1
votes

I am getting the following error when I run the code below when running my python code in Cloud9 IDE using the default version of Python (2.7.6):

import urllib
artistValue = "Sigur Rós"
artistValueUrl = urllib.quote(artistValue)

SyntaxError: Non-ASCII character '\xc3' in file /home/ubuntu/workspace/test.py on line 2, but no encoding declared; see http://www.python.org/peps/pep-0263.html for details

I read to adjust to the following code below was a work around.

import urllib
import sys
reload(sys)
sys.setdefaultencoding('utf-8')
artistValue = "Sigur Rós"
artistValueUrl = urllib.quote(artistValue)

When I tried this a red x pop-up error that read:

Module 'sys' has no 'setdefaultencoding' member"

and if I run the code I still get the Syntax Error.

Why is this happening and what should I do?

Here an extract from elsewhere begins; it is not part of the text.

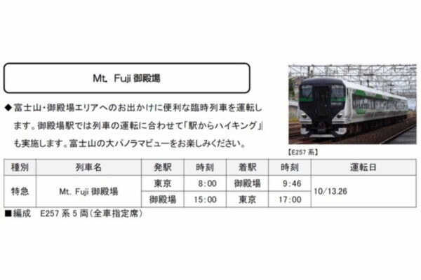 「東京駅と御殿場駅を結ぶJR特急」がいよいよ運転! 品川駅と横浜駅にも停車 富士エリアへ乗り換えなし 読み込み中... 拡大画像 特急「Mt.Fuji御殿場」の運行時刻(画像:JR東日本) 拡大画像 E257系電車(画像:写真AC) この画像の記事を読む

EDIT: I also tried the following from the selected answer:

import urllib
print urllib.quote(u"Sigur Rós")

When I ran it I received the following error:

SyntaxError: Non-ASCII character '\xc3' in file /home/ubuntu/workspace/test.py on line 2, but no encoding declared; see http://www.python.org/peps/pep-0263.html for details

1
Sorry, sys.setdefaultencoding('utf-8') won't work in the Cloud9 IDE; see the sys docs for details. And it's not a good idea anyway, see Dangers of sys.setdefaultencoding('utf-8') for info. Please post your code (in a code block) & a sample of the data you're trying to read (also in a code block) so we can help you fix your problem. Also mention what Python version you're using, since Python 2 & Python 3 handle Unicode differently. - PM 2Ring
Thank you for the feedback. I did my best to edit what you recommended above. Do you have any suggestions? - Jason Melo Hall

1 Answers

1
votes

Ok, that's a bit weird. The Python interpreter should give a SyntaxError complaining about the non-ASCII character in your source code if you don't declare an encoding at the start of the script; OTOH, if you have declared an encoding (or Cloud9 does it automatically), then the Python interpreter ought to treat it as a UTF-8 encoded string.

I'm not familiar with Cloud9, so I can't guarantee that this will work, but it ought to. :)

Make your string a Unicode string (by using the u string prefix) and then explicitly encode it to UTF-8:

import urllib

artistValue = u"Sigur Rós"
artistValueUrl = urllib.quote(artistValue.encode('utf-8'))
print artistValueUrl

output

Sigur%20R%C3%B3s

edit

What happens if you run this:

# -*- coding: utf-8 -*-
import urllib
print urllib.quote("Sigur Rós")

The following should work. Of course, this isn't a practical way to enter such strings into your script, I'm just trying to get a handle on what Cloud9 is doing.

import urllib
print urllib.quote("Sigur R\xc3\xb3s")

And I guess you might as well also try this, just so we can see what error message it produces:

import urllib
print urllib.quote(u"Sigur Rós")